[Stored data entries]
+++
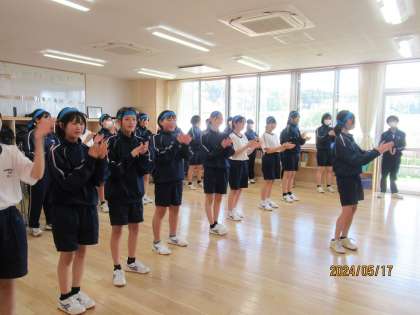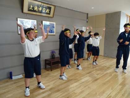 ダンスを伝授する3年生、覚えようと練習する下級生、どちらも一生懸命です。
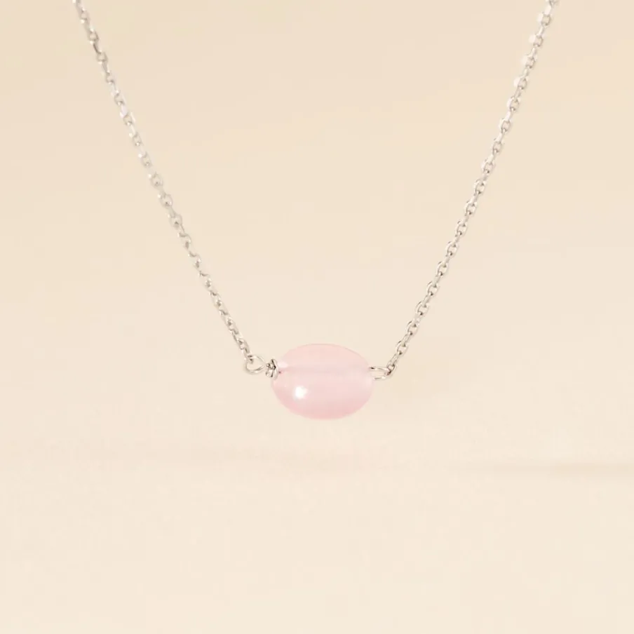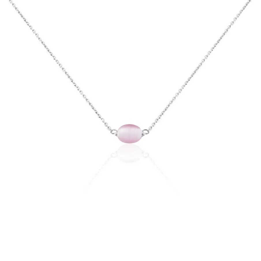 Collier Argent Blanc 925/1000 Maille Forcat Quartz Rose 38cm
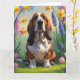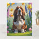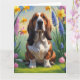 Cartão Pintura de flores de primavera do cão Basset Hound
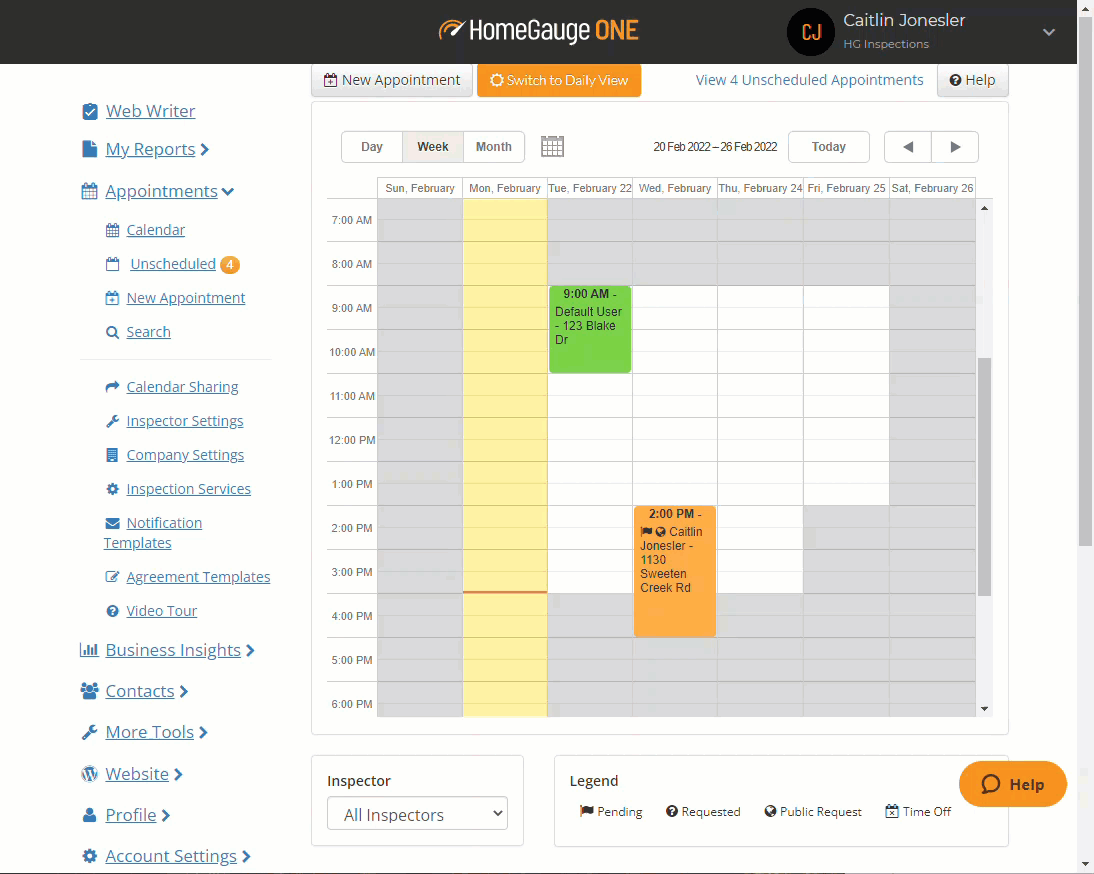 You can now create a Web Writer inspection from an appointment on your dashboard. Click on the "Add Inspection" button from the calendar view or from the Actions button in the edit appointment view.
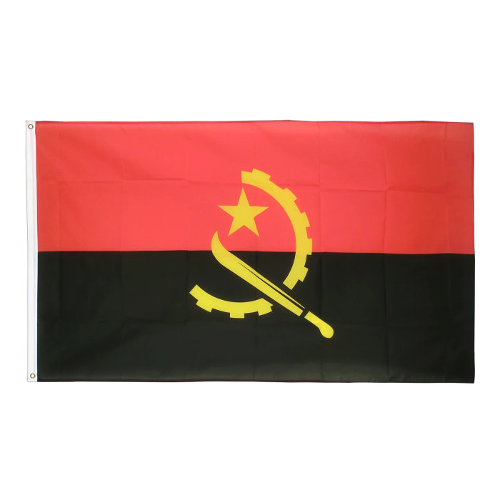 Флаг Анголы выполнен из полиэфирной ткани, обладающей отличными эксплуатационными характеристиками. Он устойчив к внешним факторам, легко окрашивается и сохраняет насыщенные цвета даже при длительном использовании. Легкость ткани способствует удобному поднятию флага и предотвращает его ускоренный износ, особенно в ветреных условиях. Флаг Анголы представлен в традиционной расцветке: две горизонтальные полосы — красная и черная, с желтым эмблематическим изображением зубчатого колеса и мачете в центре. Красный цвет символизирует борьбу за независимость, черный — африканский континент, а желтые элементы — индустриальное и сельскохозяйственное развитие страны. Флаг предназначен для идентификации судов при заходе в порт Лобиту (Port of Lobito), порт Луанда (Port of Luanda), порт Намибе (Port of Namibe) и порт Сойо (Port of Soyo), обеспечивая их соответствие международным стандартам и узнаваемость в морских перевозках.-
+++
*Work task*:
Copy out the lines above in full and unaltered, apart from the pictures.

*Solution*:
 ダンスを伝授する3年生、覚えようと練習する下級生、どちらも一生懸命です。
 Collier Argent Blanc 925/1000 Maille Forcat Quartz Rose 38cm
 Cartão Pintura de flores de primavera do cão Basset Hound
 You can now create a Web Writer inspection from an appointment on your dashboard. Click on the "Add Inspection" button from the calendar view or from the Actions button in the edit appointment view.
 Флаг Анголы выполнен из полиэфирной ткани, обладающей отличными эксплуатационными характеристиками. Он устойчив к внешним факторам, легко окрашивается и сохраняет насыщенные цвета даже при длительном использовании. Легкость ткани способствует удобному поднятию флага и предотвращает его ускоренный износ, особенно в ветреных условиях. Флаг Анголы представлен в традиционной расцветке: две горизонтальные полосы — красная и черная, с желтым эмблематическим изображением зубчатого колеса и мачете в центре. Красный цвет символизирует борьбу за независимость, черный — африканский континент, а желтые элементы — индустриальное и сельскохозяйственное развитие страны. Флаг предназначен для идентификации судов при заходе в порт Лобиту (Port of Lobito), порт Луанда (Port of Luanda), порт Намибе (Port of Namibe) и порт Сойо (Port of Soyo), обеспечивая их соответствие международным стандартам и узнаваемость в морских перевозках.-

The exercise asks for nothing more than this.